Provision 2: Overseas on 1 July 2000:
* You will be taken to have a certified age at entry of 30 and to have held cover for the period of your absence.
* When you return, you will be subject to normal Lifetime Health Cover period of absence rules.
ie: you will have 2 years to take out cover without penalty, then 2% penalty will be applied for each 365 days you delay taking out hospital cover.
* You will be taken to be absent from Australia, even whilst on short term visits up to and including 90 days
* A period of absence starts from the first day you return to Australia and do not depart within 90 days.
* eg. If you take out cover on your 95th day after returning, you will have used up 95 days of your period of absence. However, if you return to Australia and leave after 85 days, you have not used up any of your period of absence.
* The type of proof of absence is determined by the health fund. There are no guidelines, and proof may consist of a letter from an employer, a passport, or in some cases, a statutory declaration.
* No documents are required from the Department of Health and Ageing.
I was in Australia on 1 July 2000 but was a resident of another country.
Australians who were residents of another country on 1 July 2000, but were actually in Australia on that date are treated the same as expatriates overseas on 1 July 2000 (Provision 2 above).
They are:
* Taken to have certified age at entry at 30.
* Visits to Australia of up to 90 days do not break the period of absence.
* When they return to Australia, normal periods of absence rules apply.
* Funds decide what proof of absence is required
* No documents required from the Department of Health and Ageing.
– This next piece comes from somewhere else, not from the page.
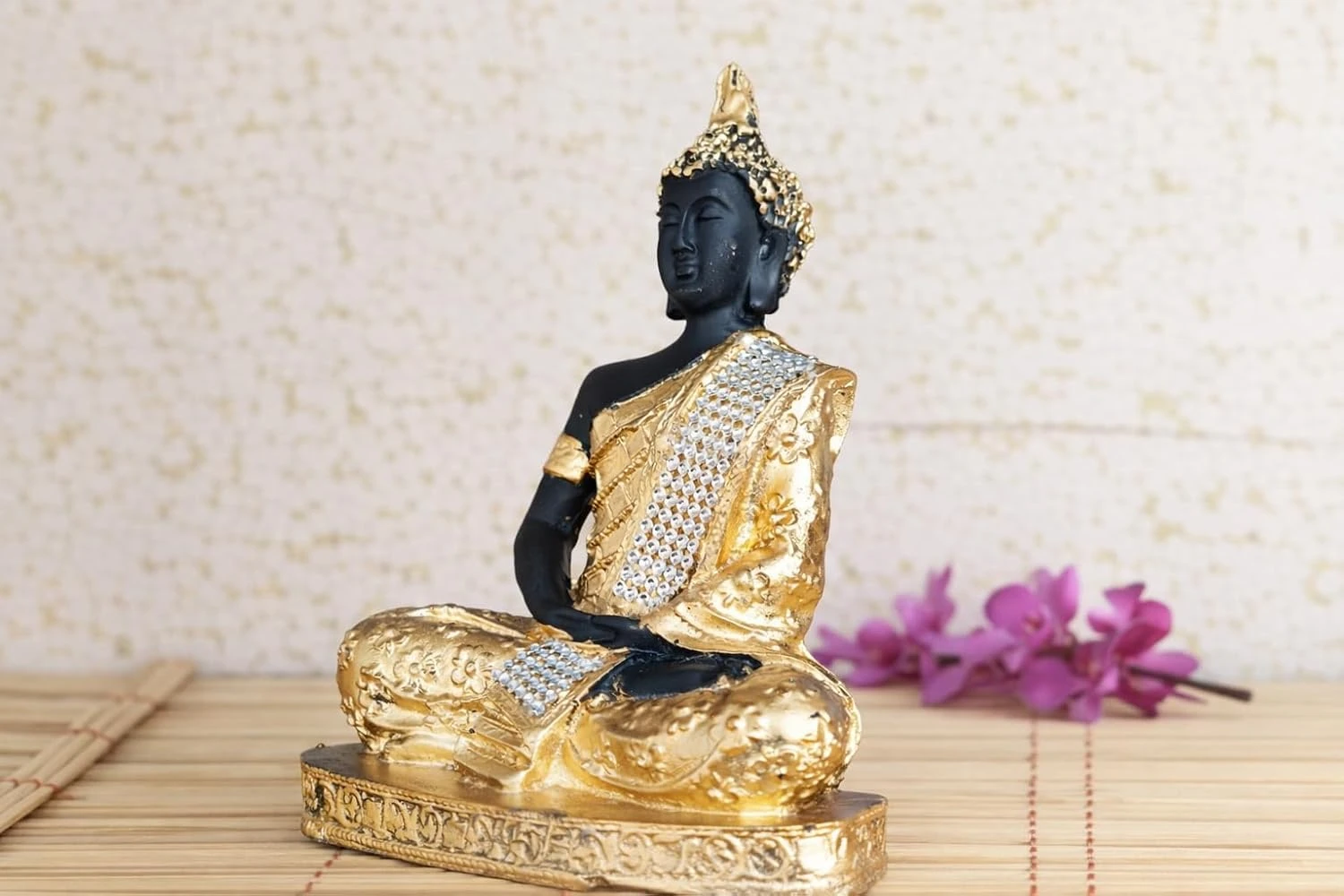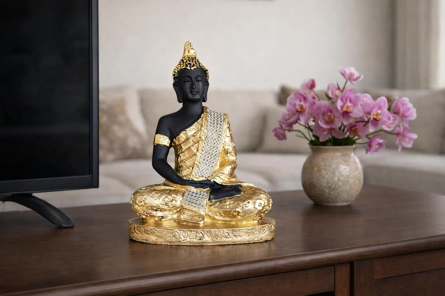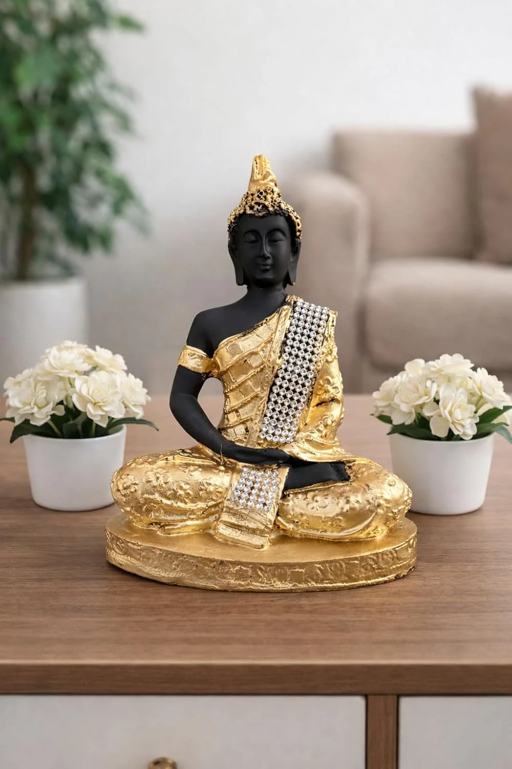 Meditating Buddha statue features a serene black matte finish body beautifully contrasted with ornate gold detailing on the robes, crown, and base for a striking spiritual aesthetic

I was overseas on my 31st birthday.
Australian citizens and permanent residents who are overseas on their 31st birthday receive a grace period to purchase hospital insurance without incurring a Lifetime Health Cover loading.
This grace period is available for Australian citizens and permanent residents who turn 31 after 1 January 2000, and are overseas on their 31st birthday.
These people do not pay a Lifetime Health Cover loading if they purchase hospital cover by the later of:
* 23 April 2005; or
* the first anniversary of the day they return to Australia.
People in this category are able to return to Australia for periods of up to 90 consecutive days, and they are still considered to be overseas.
If you were overseas for the whole period 1 January 2000 to 1 July 2000, then you are covered by a different provision.